The Liquor Control Act 1988 is an act of the Western Australian parliament which serves to regulate liquor and its sale, supply, and consumption, as well as to minimise harm due to the use of liquor, amongst other things. The act repealed the Liquor Act 1970 and was given royal assent on 9 December 1988.

== Parts ==

=== Part 2—The licensing authority ===
Part 2 of the act establishes the Liquor Commission, its jurisdiction, and its constitution. The Liquor Commission has a number of functions, including the review of liquor licenses, related complaints and costs, and providing policy advice regarding the control of liquor.

=== Part 3—Licences and permits ===
Part 3 of the act concerns liquor licences, including how they are granted, who may hold them, and sets out the meaning of licensed premises, and penalties for supplying liquor in non-licensed premises, amongst other related things.

=== Part 4—The conduct of business ===
Part 4 of the act concerns hours of business, responsible practices in selling, supplying, and serving liquor, the consumption of liquor, and penalties for non-compliance.

=== Part 5—Financial provisions ===
Part 5 of the act concerns fees for liquor licences, regulations relating to licensing fees, subsidies, and recovery of illegal gains, amongst other things.

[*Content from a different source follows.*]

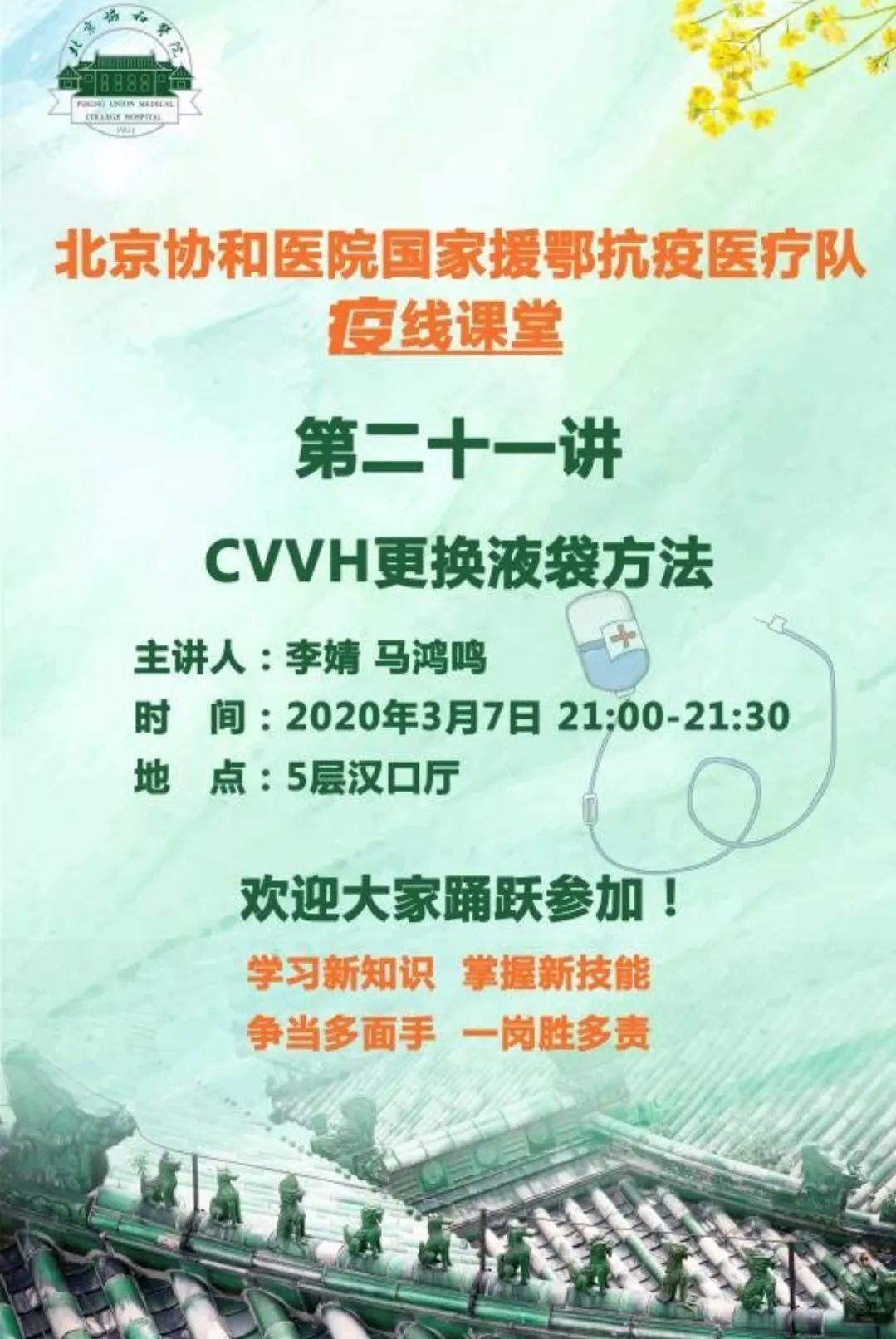 为了加强夯实我们的理论基础,提高医疗队员的综合能力,进一步提升整体战斗力,降低患者病亡率。从2月16日开始,我们医疗队举办了疫线课堂。每天一个主题,晚上九点开讲,一般30分钟左右。从感染内科主任李太生教授带来首讲“新型冠状病毒肺炎重症、危重症病例诊疗方案”开始,至今已经举办23讲。主题紧密围绕目前的临床工作,丰富又实用,既有诊疗规范,又有护理操作指南,还有医学伦理的探讨。课堂形式也很活泼,有传统讲座、讨论,还有工作坊。这个疫线课堂,非常及时,作用凸显。因为讲的内容都是我们每天面临的工作内容,解决的是我们常见的问题和疑惑。所以学习时大家兴趣盎然。因为时间和工作原因,听不到现场授课的晚上两个班次的队员们还会深感遗憾。按照带队领导张抒扬书记的话说,就是让我们能通过疫线课堂补充新知识、掌握新技能,争当多面手,一岗胜多责。这段时间深感疫线课堂拓展了我的理论知识宽度,同时提升了我的专业能力,提高了我的ICU临床工作水平。

=== Part 5A—Prohibition orders ===
Part 5A of the act concerns prohibition orders—orders that prohibit someone working at licensed premises or entering such premises.

=== Part 5AA—Protected entertainment precincts ===
Part 5AA of the act concerns 'protected entertainment precincts' (PEPs). The purpose of part 5AA as per the legislation is the minimisation of harm, public disturbance and disorder, and other adverse effects "in relation to a concentration of licensed premises".

==== Background ====
On 5 July 2020, Giuseppe Raco, the manager of the Paramount nightclub in Northbridge, whose nickname was "Pep", was punched from behind by a 26-year-old man, who had been "drinking all day". Raco never regained consciousness.

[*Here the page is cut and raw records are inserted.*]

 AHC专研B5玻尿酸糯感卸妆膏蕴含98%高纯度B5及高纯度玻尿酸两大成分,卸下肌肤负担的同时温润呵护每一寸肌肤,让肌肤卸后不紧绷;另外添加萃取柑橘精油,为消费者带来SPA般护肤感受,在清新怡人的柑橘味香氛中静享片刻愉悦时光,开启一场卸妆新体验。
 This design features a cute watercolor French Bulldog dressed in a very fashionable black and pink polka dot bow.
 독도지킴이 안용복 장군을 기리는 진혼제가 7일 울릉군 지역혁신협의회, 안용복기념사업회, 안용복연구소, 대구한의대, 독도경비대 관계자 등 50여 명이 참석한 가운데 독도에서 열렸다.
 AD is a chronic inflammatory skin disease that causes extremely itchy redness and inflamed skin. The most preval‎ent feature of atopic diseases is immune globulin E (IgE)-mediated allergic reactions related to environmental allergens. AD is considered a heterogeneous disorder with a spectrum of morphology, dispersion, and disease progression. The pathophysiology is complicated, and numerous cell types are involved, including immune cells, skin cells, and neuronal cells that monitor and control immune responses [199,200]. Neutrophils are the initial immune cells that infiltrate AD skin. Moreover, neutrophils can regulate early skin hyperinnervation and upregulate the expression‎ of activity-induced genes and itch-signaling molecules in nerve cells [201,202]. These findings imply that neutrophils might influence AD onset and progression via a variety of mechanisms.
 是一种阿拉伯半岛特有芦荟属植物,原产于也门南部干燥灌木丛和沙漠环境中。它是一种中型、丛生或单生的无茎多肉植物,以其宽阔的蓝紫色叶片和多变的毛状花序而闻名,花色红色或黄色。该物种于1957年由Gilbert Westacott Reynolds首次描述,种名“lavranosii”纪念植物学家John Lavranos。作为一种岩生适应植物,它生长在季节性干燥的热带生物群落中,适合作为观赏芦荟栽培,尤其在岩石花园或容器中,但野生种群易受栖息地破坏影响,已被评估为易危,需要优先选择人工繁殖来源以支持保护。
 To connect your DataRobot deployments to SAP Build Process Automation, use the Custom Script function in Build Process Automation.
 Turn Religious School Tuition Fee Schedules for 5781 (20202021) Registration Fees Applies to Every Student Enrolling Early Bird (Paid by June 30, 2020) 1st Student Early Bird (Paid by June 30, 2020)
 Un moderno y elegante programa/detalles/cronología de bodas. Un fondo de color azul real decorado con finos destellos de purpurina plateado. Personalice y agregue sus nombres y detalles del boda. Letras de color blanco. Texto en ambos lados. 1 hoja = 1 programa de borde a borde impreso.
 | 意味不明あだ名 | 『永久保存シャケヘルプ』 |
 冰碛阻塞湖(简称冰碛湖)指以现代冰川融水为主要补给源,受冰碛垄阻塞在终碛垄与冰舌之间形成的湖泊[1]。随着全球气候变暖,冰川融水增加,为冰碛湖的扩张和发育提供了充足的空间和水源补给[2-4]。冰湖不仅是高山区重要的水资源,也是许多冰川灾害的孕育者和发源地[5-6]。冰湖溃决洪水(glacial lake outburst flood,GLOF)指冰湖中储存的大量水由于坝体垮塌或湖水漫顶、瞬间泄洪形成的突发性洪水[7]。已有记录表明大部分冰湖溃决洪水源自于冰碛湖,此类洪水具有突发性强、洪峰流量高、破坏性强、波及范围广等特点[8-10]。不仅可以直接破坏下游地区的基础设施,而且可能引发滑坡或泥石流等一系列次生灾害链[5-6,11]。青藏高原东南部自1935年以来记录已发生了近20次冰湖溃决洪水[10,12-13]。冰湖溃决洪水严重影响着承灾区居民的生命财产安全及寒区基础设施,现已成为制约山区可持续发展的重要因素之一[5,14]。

==== Protected entertainment precincts ====
The Western Australian parliament passed the Liquor Control Amendment Act (Protected Entertainment Precincts) Act 2022 on 30 November 2022. The Act came into effect on 24 December 2022, and establishes five "Protected Entertainment Precincts" (PEPs)—named in honour of "Pep" Raco—across the Perth metropolitan area, in Northbridge and Perth, Fremantle, Scarborough, Hillarys, and Mandurah. The precincts are areas where there is a high concentration of licensed premises, with Western Australian police able to issue an on-the-spot exclusion order for up to six months for "unlawful, antisocial, disorderly, offensive, indecent and threatening way" in a precinct or "the person being in the precinct could cause violence or public disorder or impact the safety of others". Those convicted of a serious violent or sexual crime, including murder, manslaughter, grievous bodily harm, amongst others, and are convicted on or after 24 December 2022, will automatically be banned from the precincts for five years after their release from custody. Exemptions also apply to those who have been banned, including if they live, work, or attends educational institutions in the precincts.

=== Part 5B—Liquor restricted premises ===
Part 5B of the act concerns liquor restricted premises, which are premises that are "the subject of a liquor restriction declaration".

=== Part 6—Enforcement ===
Part 6 of the act concerns the enforcement of the regulations in the act, and gives powers of entry to "authorised officers", powers to seize to police officers, and other related things.